/cdx-summarize-warc-indexer

Summarize Web Archive holdings using an existing SOLR index

Primary LanguageShellApache License 2.0Apache-2.0

CDX-summarize-warc-indexer

A collection of SOLR queries to reproduce similar numbers to the ones produced by cdx-summarize, but using a SOLR index that has been constructed using warc-indexer from the UKWA webarchive-discovery and using V6 schema.xml or V7 schema.xml.

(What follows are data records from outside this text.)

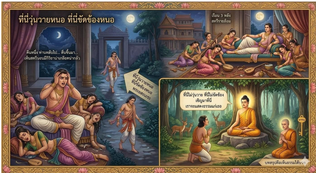
ภาพที่ 4 นายยสะ ผู้ใช้ความวุ่นวาย เป็นเครื่องมือสู่การแสวงหาความไม่วุ่นวาย (ภาพจำลองจาก AI, 9 มีนาคม 2569)

กรณีที่ 3 กุญแจไขสัจจะว่าด้วย ตาย และไม่ตาย ที่ธรรมชาติ ใคร ๆ ก็ต้องตาย เมล็ดพันธุ์ผักกาดแห่งชีวิต พระกีสาคโคตมีเถรี (ขุ.วิ. (ไทย) 26/220-223/591) เดิมเกิดในสกุลคนเชื้อใจ ในกรุงสาวัตถี ครั้งหนึ่ง เศรษฐีตระกูลหนึ่งในเมืองสาวัตถีประสบเคราะห์กรรมคือเงินและทองกลายเป็นถ่าน แต่เมื่อนางกีสาคโคตมีมาแตะถ่านเหล่านั้น ถ่านก็กลับกลายเป็นเงินและทองอย่างเดิม เศรษฐีจึงสว่ขอท่านมาเป็นลูกสะใภ้ แต่ก็ไม่วายที่จะถูกคนเหล่านั้นเหยียดหยามว่ามาจากตระกูลคนยากจน ต่อมานางจึงให้กำเนิดบุตรแต่บุตรนั้นก็ได้ตายจากไป เมื่ออายุเพียง 3 ขวบ การตายของบุตรจึงทำให้นางตกอยู่ในความทุกข์อย่างหนัก ถึงขนาดอุ้มศพลูกไปทุกหนทุกแห่ง จนกระทั่งมาพบพระพุทธเจ้าขณะประทับอยู่ ณ วัดเชตวัน เมืองสาวัตถี พระพุทธองค์ทรงแนะนำอุบายคลายความทุกข์โดยการให้นางไปเสาะหาเมล็ดพันธุ์ผักกาดจากบ้านที่ไม่เคยมีคนตาย ปรากฏว่านางต้องผิดหวัง เพราะบ้านทุกหลัง ล้วนแต่มีคนตายทั้งสิ้น ในที่สุดนางจึงได้ซื้อสรุปว่า ความตายเป็นเรื่องธรรมดาของคนหรือสิ่งมีชีวิต ไม่มีใครเกิดมาแล้วไม่ตาย การตายของบุตรนาง จึงเป็นเรื่องธรรมดาเรื่องหนึ่งของชีวิต ครั้นคิดได้แล้วนางจึงสำเร็จเป็นพระโสดาบันบุคคล พร้อมทั้งขอบวชเป็นนางภิกษุณีต่อมา ดังอุทานธรรมที่พระนางกีสาคโคตมีเถรีได้กล่าวไว้ว่า “...อริยมรรคมืองค์ 8 เป็นข้อปฏิบัติให้ถึงอมตธรรม เราได้เจริญแล้ว แม้นิพพานเราก็ทำให้แจ้งแล้ว เราได้พบกระจกคือธรรมแล้ว...ตัดลูกครเสียได้ ปลงภาระได้แล้ว กระทำกิจที่ควรทำเสร็จแล้ว กีสาคโคตมีเถรีผู้มีจิตหลุดพ้นดีแล้ว... ” (ขุ.วิ. (ไทย) 26/22-223/591)
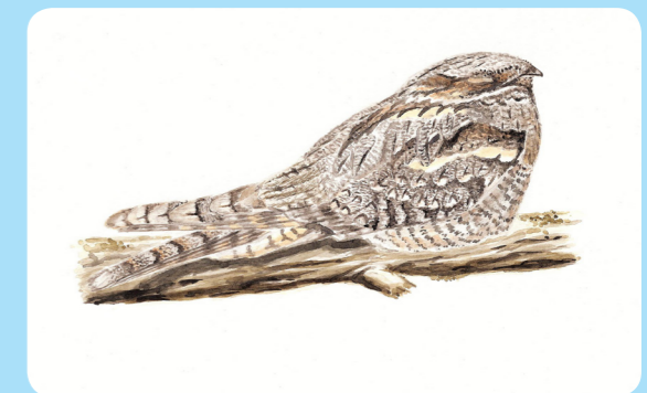
Nattskärnan häckar på marken. Häckning har observerats i den glesa tallskogen i mossens norra del. Den vattrade kamouflagefärgen gör den nästan helt omöjlig att upptäcka på marken.
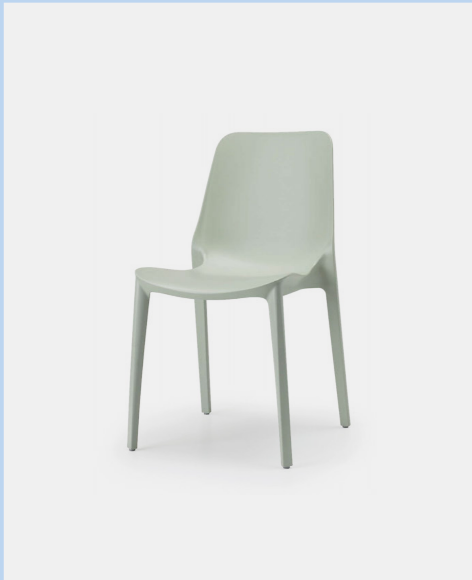
Stackable chair Sedia impilabile Ginevra, art. 2334

Also available in Go Green version. Disponibile anche in versione Go Green.
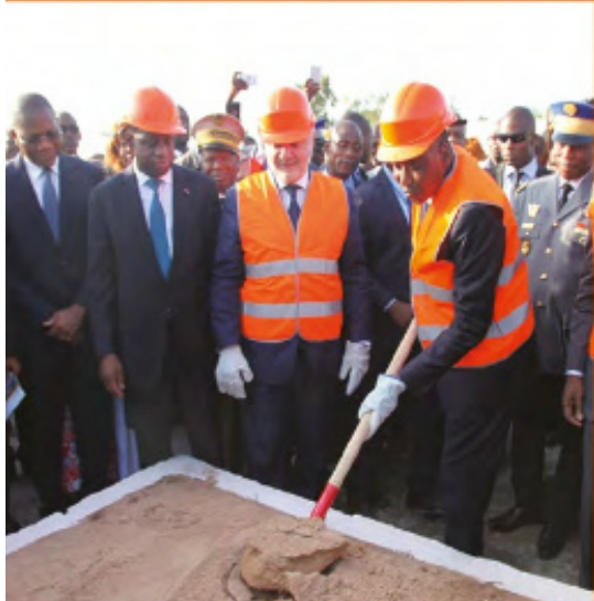
Lancement des travaux de réhabilitation de l'axe Bouaké - Ferké, le samedi 11 novembre 2017 à Katiola.
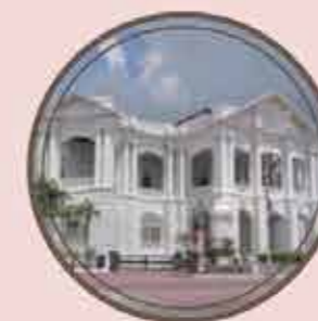
BANDAR IPOH 3 KM
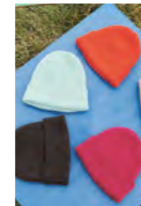
MUST-HAVE BEANIE Double Sunday Design 5
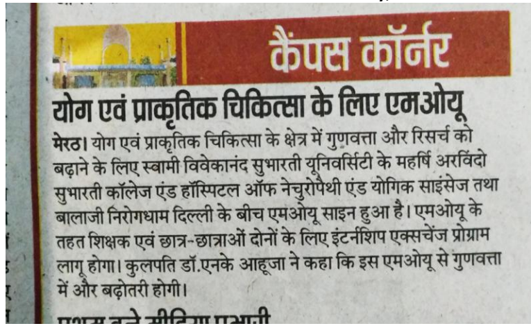
Article of A MoU was signed between Balaji Nirogdham, Bakhtawarpur a unit of Maharaja Agrasen Naturopathy & yoga Sadhana Research trust in Delhi and Swami Vivekanand Subharti University, Meerut on 05 th January 2019
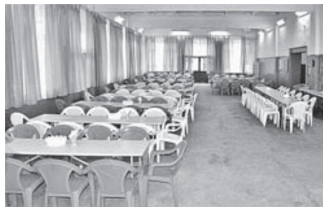
Обеденный зал лагеря «Медвежонок» рассчитан на 150 мест.
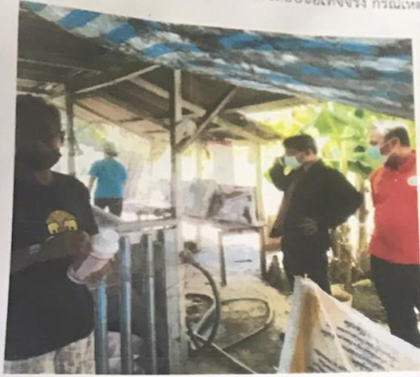
รูปถ่ายการตรวจสอบข้อเท็จจริง กรณีเหตุเดือดร้อนว่าพายุเฮอร์ริเคนพัดถล่ม
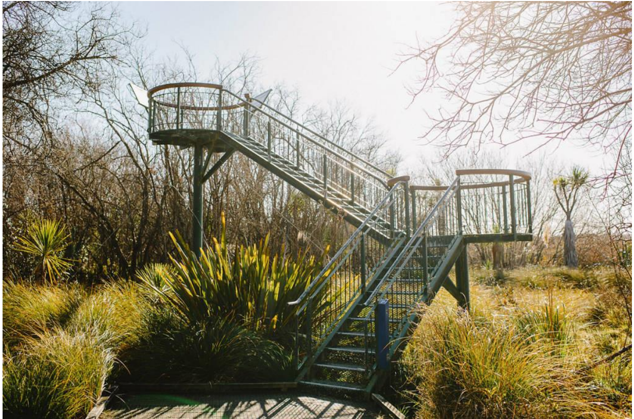
Вежа для милування краєвидами і спостереженням за птахами, Hagley Park, Christchurch, Нова Зеландія
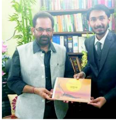
मा. श्री. मुख्तार अब्बास नकवीजी केन्द्रीय अल्पसंख्यांक मंत्री
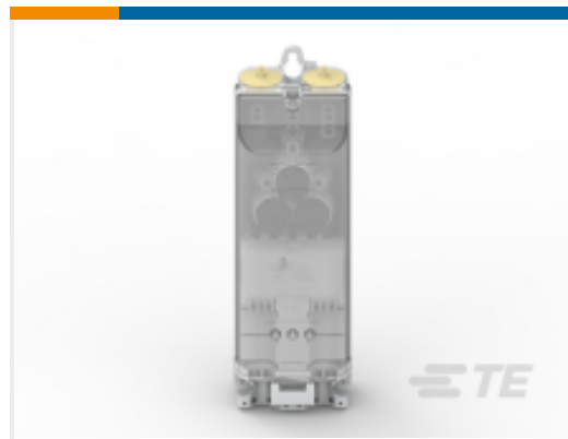
TE 产品编号669434-000 EKM-2050-3D1-5S/U-E3
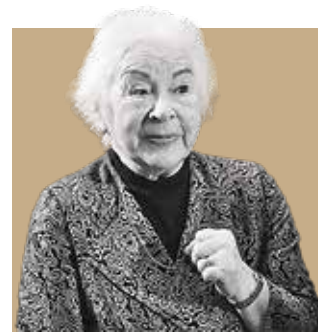
ЕКАТЕРИНА МУРИНА, народная артистка России
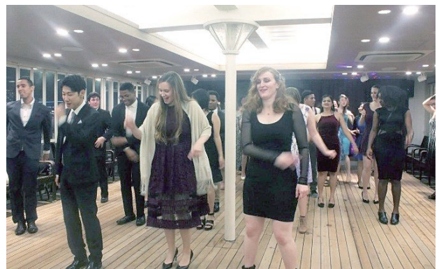
ダンスを楽しむ参加者

また、参加者はダンスも楽しみます。ミシガン内のバーで心臓に響く音楽を流すと、そこはダンスフロアに早変わりします。混みあいながらも笑顔が溢れるダンスフロアで、皆と一体になってダンスをする参加者もいる一方、デッキや屋上で夕暮れを眺めながら、久々の再会を祝う参加者もいます。
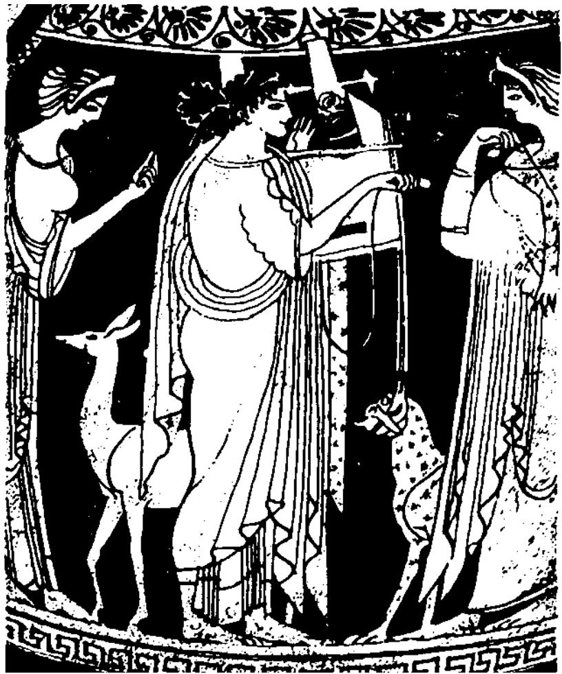
АПОЛЛОН, ЛЕТО И АРТЕМИДА

Решающим аргументом в пользу существования бессмертной души или «остаточного разумного биополя» является открытие врачом-реаниматором Р. Моуди реальности потустороннего мира, о котором рассказывают перенесшие клиническую смерть, большинство из воскресших повествуют о своем полете через темный туннель, в конце которого все ярче сияет некое воплощение наивысшего разума-света-любви. Модели такого туннеля встречаются уже в древнейших арийских курганах, а позднейшие (кануна ча-
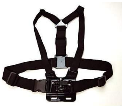
Arnés de cintura para Siragon Xtreme 6000
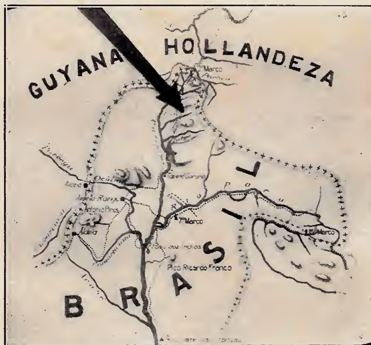
Pontos extremos da Expedição Rondon, na Serra Tumuc-Humac
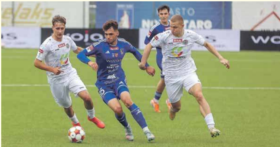
Podhale lepsze w starciu beniaminków.
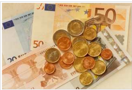
La provincia de Huesca es la número 14 en ahorro familiar por persona, con 3.260 euros.

La provincia de Huesca ocupa el puesto número 25 de España en ahorro bruto por habitante con 3.505 euros en el año 2008, un 35,3 por ciento menos que la media nacional de 5.422 euros y que la de Aragón, que es prácticamente idéntica a la española con 5.412.
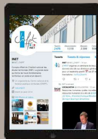
LA COMMUNAUTÉ INET SUR LINKEDIN, TWITTER ET FACEBOOK
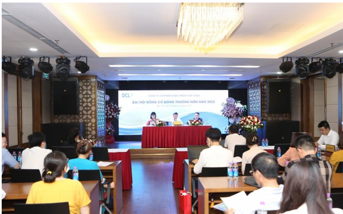
Đại hội đồng cổ đông năm 2022 Dược Cửu Long

Năm 2021, dịch Covid-19 tái bùng phát trên cả nước làm ảnh hưởng nghiêm trọng đến tình hình sản xuất kinh doanh nói chung và DCL nói riêng. Tại ĐHCĐ năm 2022, Ban lãnh đạo DCL cho biết, nhiều thời điểm do quy định giãn cách xã hội và thực hiện 3 tại chỗ, nên Công ty chỉ bố trí sản xuất dưới 30% công suất và tập trung sản xuất các sản phẩm chủ lực, nhưng doanh thu thuần vẫn giữ vững đạt 704 tỷ đồng tăng 4,83%. Đáng chú ý, lợi nhuận trước thuế tăng trưởng tốt đạt trên 110 tỷ đồng, tăng 28.32% so với cùng kỳ.
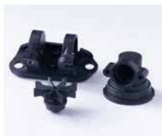
切削材料：PBT（ガラス入り）
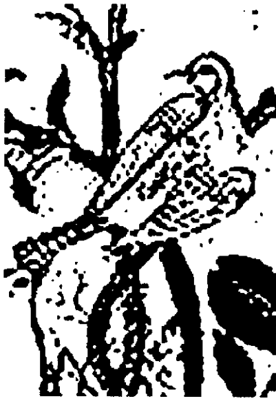
دوره دوم، شماره ششم، ماقم، هشتم مزار و سپهسوهشتاد و دو

اسطوره و دین می‌گویند که در مینو آرامش و سکون است. در جایی که گردش ماه و خورشید و ستارگان نباشد حرکت نیست و زمان نیست. و آن جا که زمان و حرکت نباشد همه‌ی زمان‌ها یک زمان - دمی جاودان و در برگیرنده‌ی آغاز و انجام است و همه‌ی جاها (با نبود حرکت و از میان رفتن فاصله) ناکجایی یگانه که در جام جهان نما می‌توان دید.
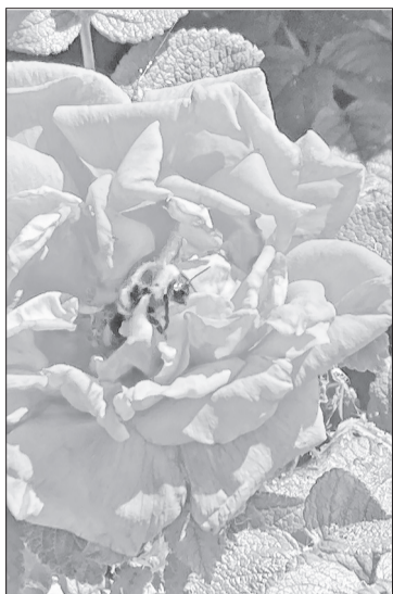
Этих полезных насекомых надо беречь.

Как сообщили специалисты Тюменского межрайонного отдела филиала Россельхозцентра по Тюменской области, наблюдается массовая гибель пчелиных семей при обработках посевов рапса.

Usage of execute_solr_queries.sh

execute_solr_queries.sh --help

usage: execute_solr_queries.sh [queryfile]
  without arguments it runs all .q files in the current directoty
  queryfile : a single json formatted query file to run

Constructing the .summary file

The output of the bash script is a collection of CSV files which do need to be combined into a single .summary file so that they are completely compatible with cdx-summarize. This remains a todo.

Performance

This has only been tested on a small installation of the SOLR backend of a SOLRWayback. The queries can probably be optimized.

MIME-Types

The same rationale to mime-type simplification as in cdx-summarize has been used, but here based off the mime-type that has been determined by warc-indexer (the field content_type) is used. In order to be completely the same as cdx-summarize, which operates on CDX(J) files and where the mime-type is the one reported by the server, you would need to use the field content_type_served. This is not done, since we do have the extra information reported by tika, droid et al. and it is more precise and more correct.

Limit

Currently the scripts place a limit of 10 million second-level domains on the query. This may or may not be enough depending on the size of the web archive.

Domains

The "domain" field in the warc-indexer, as used in the SOLRWayback, holds the private domain name as determined by having one more hierarchical level than the public suffix, as determined by Mozilla's publicsuffix.org list. This means that the subdomains of e.g. ".ac.uk" and ".co.uk" are separated into different "domain" values. This is currently not the same as for cdx-summarize which only takes the second-level domain.